**DESCRIPTION OF THE TASK:** With the images left out, print all of the records below exactly.
[[ SOURCE DATA, beginning ]]
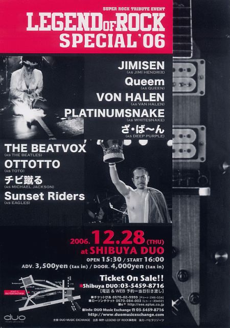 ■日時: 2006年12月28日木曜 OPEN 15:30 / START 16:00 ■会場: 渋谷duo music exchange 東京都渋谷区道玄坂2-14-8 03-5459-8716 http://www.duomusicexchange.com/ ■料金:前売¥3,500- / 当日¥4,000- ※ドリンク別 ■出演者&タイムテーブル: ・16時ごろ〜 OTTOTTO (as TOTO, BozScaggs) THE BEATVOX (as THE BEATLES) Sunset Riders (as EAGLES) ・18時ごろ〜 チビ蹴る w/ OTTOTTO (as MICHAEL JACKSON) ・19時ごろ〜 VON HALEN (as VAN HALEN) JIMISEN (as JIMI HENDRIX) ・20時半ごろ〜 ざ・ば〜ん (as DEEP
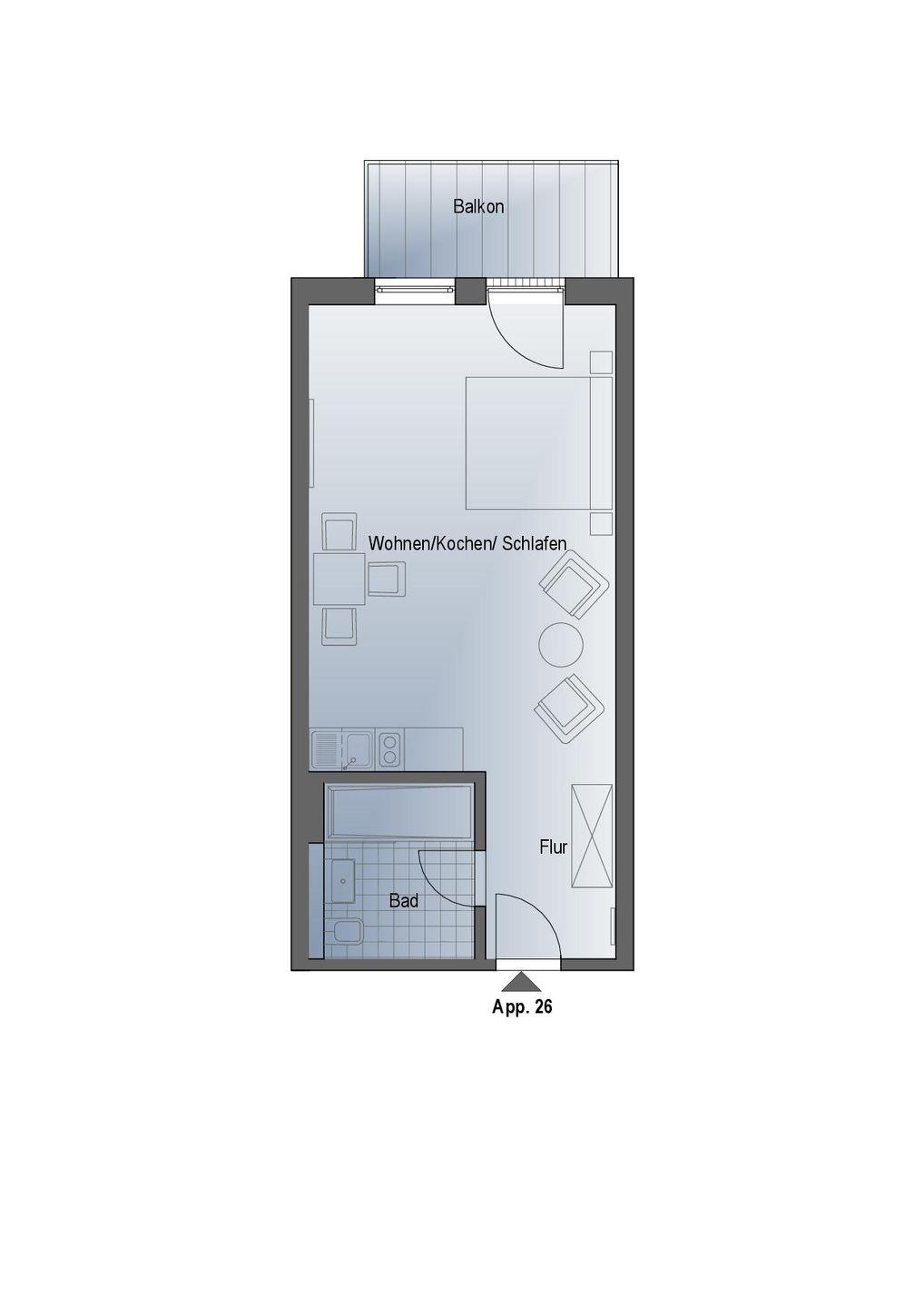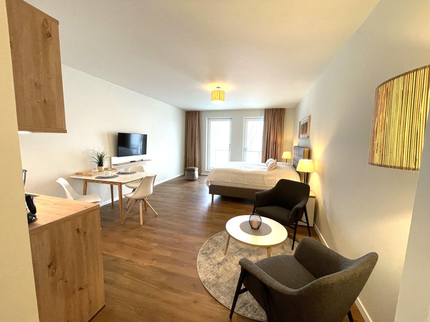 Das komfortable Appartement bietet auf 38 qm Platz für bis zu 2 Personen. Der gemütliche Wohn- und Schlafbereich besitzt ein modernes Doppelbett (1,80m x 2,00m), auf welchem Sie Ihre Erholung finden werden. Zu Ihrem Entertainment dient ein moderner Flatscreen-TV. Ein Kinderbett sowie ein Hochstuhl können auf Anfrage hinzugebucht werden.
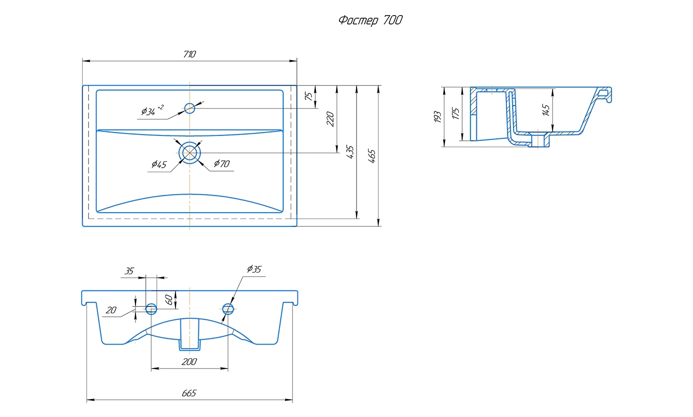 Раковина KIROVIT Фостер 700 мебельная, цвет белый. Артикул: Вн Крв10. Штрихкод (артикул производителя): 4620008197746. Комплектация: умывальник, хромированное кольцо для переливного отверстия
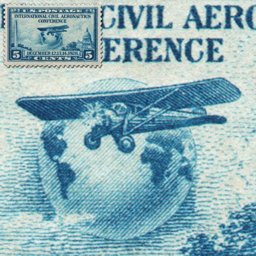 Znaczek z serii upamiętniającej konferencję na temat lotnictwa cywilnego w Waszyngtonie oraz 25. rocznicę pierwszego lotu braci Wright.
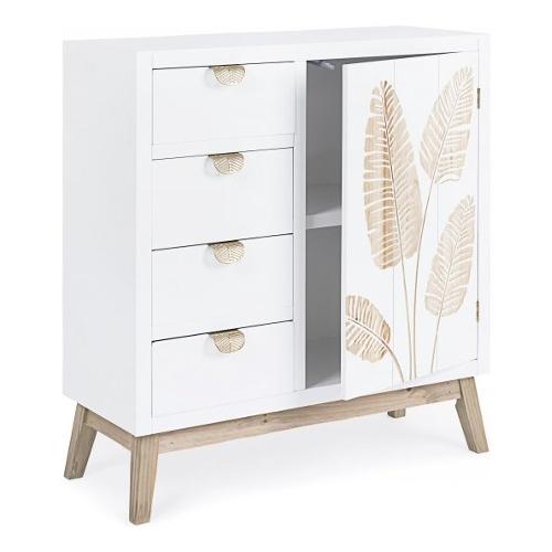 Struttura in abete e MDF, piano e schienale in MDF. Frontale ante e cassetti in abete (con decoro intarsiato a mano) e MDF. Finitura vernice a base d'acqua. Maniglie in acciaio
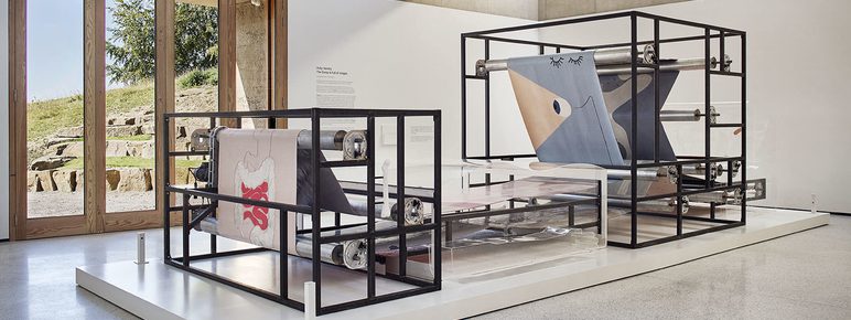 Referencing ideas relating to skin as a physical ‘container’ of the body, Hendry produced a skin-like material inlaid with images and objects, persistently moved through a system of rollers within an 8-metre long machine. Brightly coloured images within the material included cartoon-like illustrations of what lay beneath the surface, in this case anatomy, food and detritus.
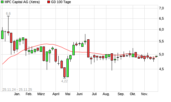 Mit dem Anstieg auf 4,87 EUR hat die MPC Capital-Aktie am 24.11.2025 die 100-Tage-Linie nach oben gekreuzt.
[[ SOURCE DATA, end ]]
**ANSWER TO THIS EXERCISE:**
 ■日時: 2006年12月28日木曜 OPEN 15:30 / START 16:00 ■会場: 渋谷duo music exchange 東京都渋谷区道玄坂2-14-8 03-5459-8716 http://www.duomusicexchange.com/ ■料金:前売¥3,500- / 当日¥4,000- ※ドリンク別 ■出演者&タイムテーブル: ・16時ごろ〜 OTTOTTO (as TOTO, BozScaggs) THE BEATVOX (as THE BEATLES) Sunset Riders (as EAGLES) ・18時ごろ〜 チビ蹴る w/ OTTOTTO (as MICHAEL JACKSON) ・19時ごろ〜 VON HALEN (as VAN HALEN) JIMISEN (as JIMI HENDRIX) ・20時半ごろ〜 ざ・ば〜ん (as DEEP
 Das komfortable Appartement bietet auf 38 qm Platz für bis zu 2 Personen. Der gemütliche Wohn- und Schlafbereich besitzt ein modernes Doppelbett (1,80m x 2,00m), auf welchem Sie Ihre Erholung finden werden. Zu Ihrem Entertainment dient ein moderner Flatscreen-TV. Ein Kinderbett sowie ein Hochstuhl können auf Anfrage hinzugebucht werden.
 Раковина KIROVIT Фостер 700 мебельная, цвет белый. Артикул: Вн Крв10. Штрихкод (артикул производителя): 4620008197746. Комплектация: умывальник, хромированное кольцо для переливного отверстия
 Znaczek z serii upamiętniającej konferencję na temat lotnictwa cywilnego w Waszyngtonie oraz 25. rocznicę pierwszego lotu braci Wright.
 Struttura in abete e MDF, piano e schienale in MDF. Frontale ante e cassetti in abete (con decoro intarsiato a mano) e MDF. Finitura vernice a base d'acqua. Maniglie in acciaio
 Referencing ideas relating to skin as a physical ‘container’ of the body, Hendry produced a skin-like material inlaid with images and objects, persistently moved through a system of rollers within an 8-metre long machine. Brightly coloured images within the material included cartoon-like illustrations of what lay beneath the surface, in this case anatomy, food and detritus.
 Mit dem Anstieg auf 4,87 EUR hat die MPC Capital-Aktie am 24.11.2025 die 100-Tage-Linie nach oben gekreuzt.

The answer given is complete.